PBOC Tightens Grip as Yuan Strengthens to 6.97 USD!
Thu, February 05, 2026Introduction
This week brought a clear, measurable shift in China’s foreign-exchange signals: authorities nudged the yuan stronger while simultaneously managing the speed of that rise. Concrete moves by the People’s Bank of China (PBOC), a notable offshore rally in CNH, and a public policy restatement from Xi Jinping combined to affect the CNY exchange rate in ways traders, corporates and risk managers should treat as operational facts rather than speculation.
Key developments that moved the CNY
Firmer central parity fixing (Jan 23)
On January 23 the PBOC set the central parity—or official daily fixing—at 6.9929 CNY per USD. That level was the firmest fixing since May 2023 and signalled official tolerance for a stronger renminbi. The central parity is not a market price but an anchor: when it shifts noticeably firmer, market participants often interpret it as an invitation to allow controlled appreciation.
Deliberate slowdown via weaker-than-expected daily fix
In the days following the firmer parity, the PBOC also intervened by publishing daily fixings that were materially weaker than market consensus—one recent instance showed a divergence of roughly 164 pips from trader forecasts, the largest such gap since February 2022. That operational behavior demonstrates a two-pronged approach: endorse a strengthening trend over the medium term, but apply brakes on rapid moves that could disrupt trade flows or trigger speculative flows.
Offshore yuan (CNH) rallies to a 32‑month high
Offshore CNH traded near 6.97 per USD, reaching its strongest level in about 32 months. Several measurable factors supported that rally: a softer US dollar environment, large exporter conversions of USD receipts into CNY, and a notable decline in hedging costs—one-year forward hedges are priced at their lowest levels since 2022. Lower hedging costs reduce the friction for investors and companies to hold or transact in yuan, reinforcing demand.
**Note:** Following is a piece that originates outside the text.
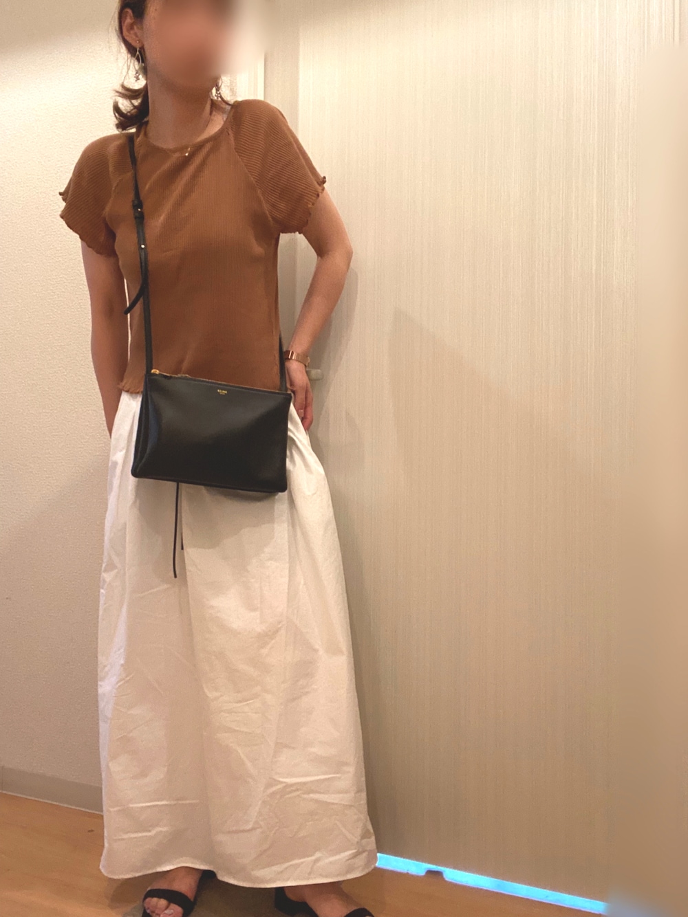 昨日のコーデ 着回しているトップスは腕周りと首周りが本当に涼しいデザイン☺️
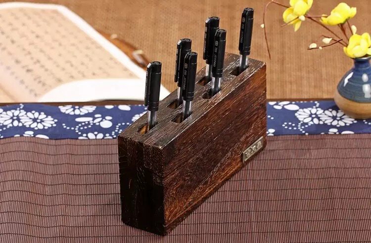 Japan-style solid wood inserts pen holder desktop stationery containing box creative pen holder retro pen holder wood rectangular pen insert

Xi Jinping reaffirms renminbi internationalization (Feb 1)
On February 1 a public policy commentary reiterated the long-term objective of expanding the renminbi’s role in trade and finance. While this statement is strategic rather than transactional, it adds policy clarity. For markets, policy clarity matters: it reduces the uncertainty premium and can slowly attract capital flows into yuan-denominated instruments.
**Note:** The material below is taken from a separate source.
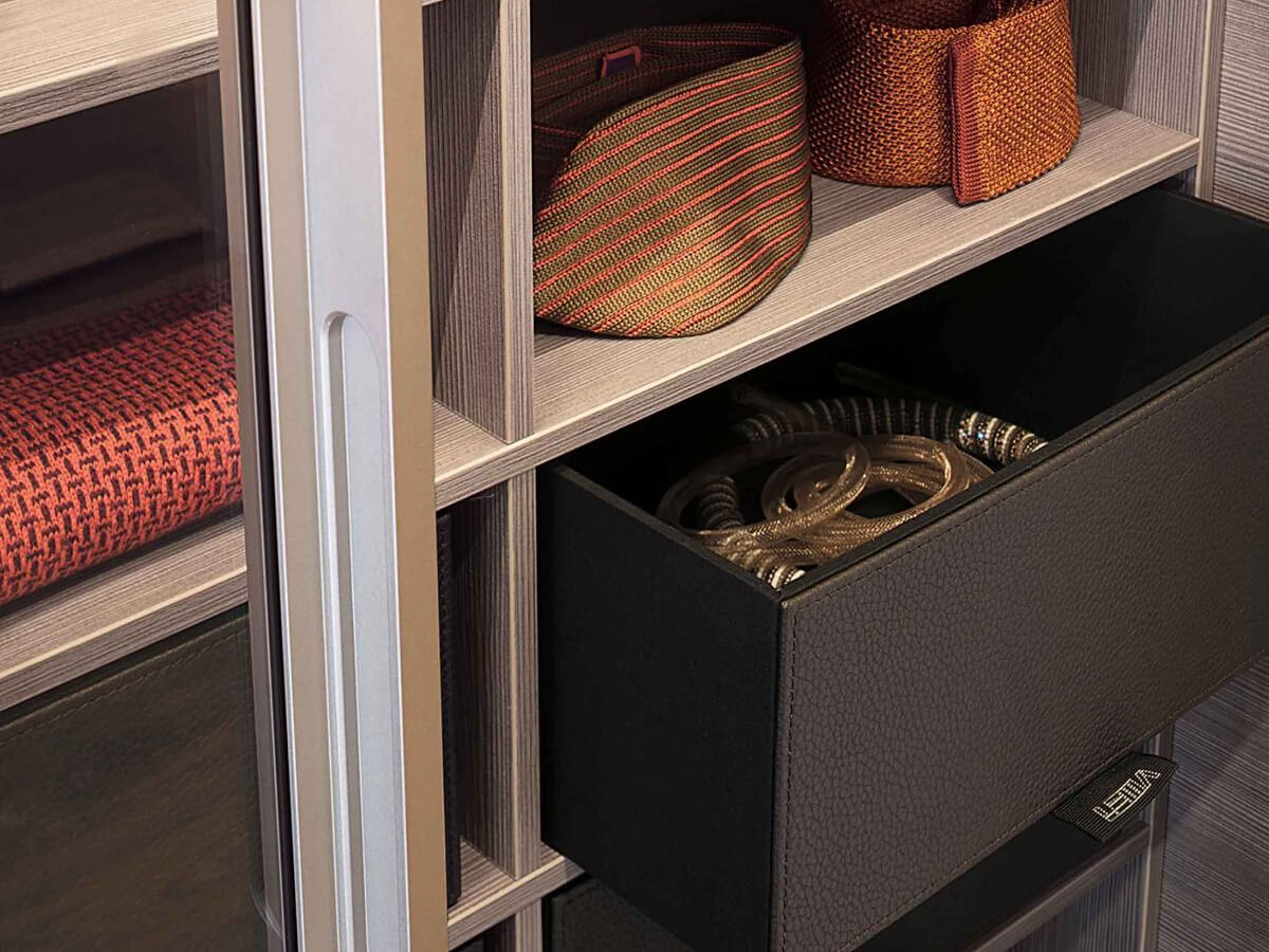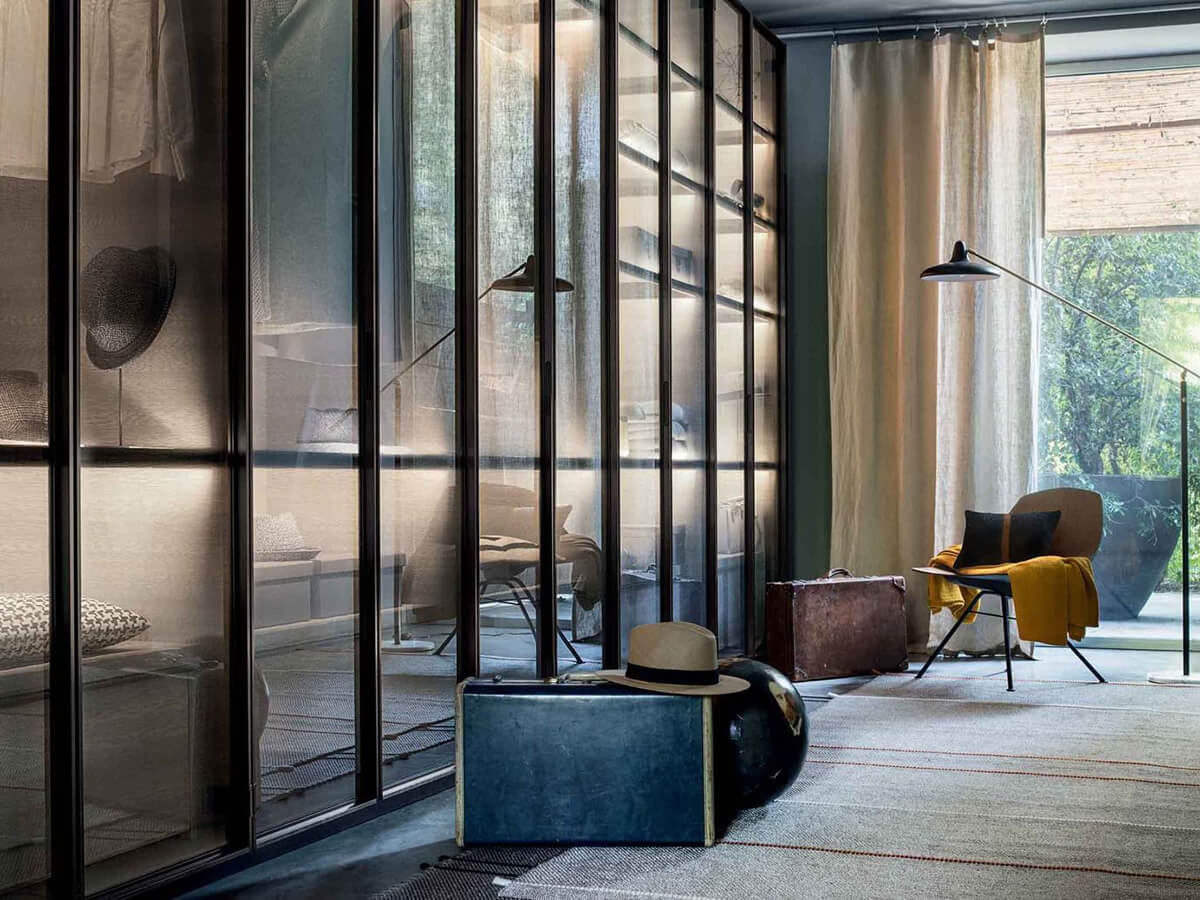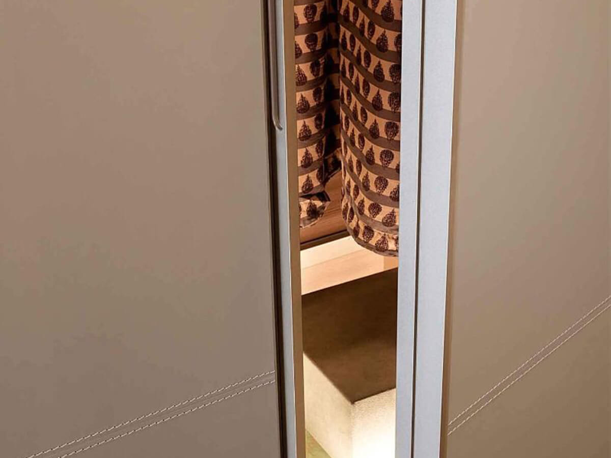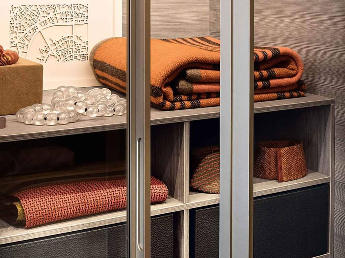 The Dandy wardrobe is part of the famous Lema Armadio al Centimetro collection, of which it best embodies the philosophy of extreme design flexibility. The Dandy door is characterized by the presence of a metal perimeter frame that frames a glass panel, available in different treatments - from transparent glass to bronzed or smoked glass, or mirrored and lacquered glass. A completely different but equally luxurious effect is obtained instead with the textile or leather finishes of the central panel, which recall suggestions of an oriental style.Dandy can only be used for compositions with hinged doors and can be customized with the wide range of exclusive internal equipment from the “Armadio al Centimetro” collection.

Why these actions matter for the exchange rate
Managed appreciation, not a free-floating rally
The combination of firmer central parity and occasional softer daily fixings is evidence of managed appreciation. Think of it like driving uphill with cruise control: the engine (market forces) is allowed to climb, but the driver (PBOC) eases pressure when the ascent becomes too steep. This reduces volatility while permitting gradual strengthening.
Hedging dynamics and exporter behaviour
Falling hedging costs make it cheaper for corporates and funds to cover FX exposures, which can increase demand for yuan assets and reduce the need for defensive dollar positions. At the same time, exporters converting dollar receipts into yuan increase onshore liquidity, a direct technical support for the CNY exchange rate.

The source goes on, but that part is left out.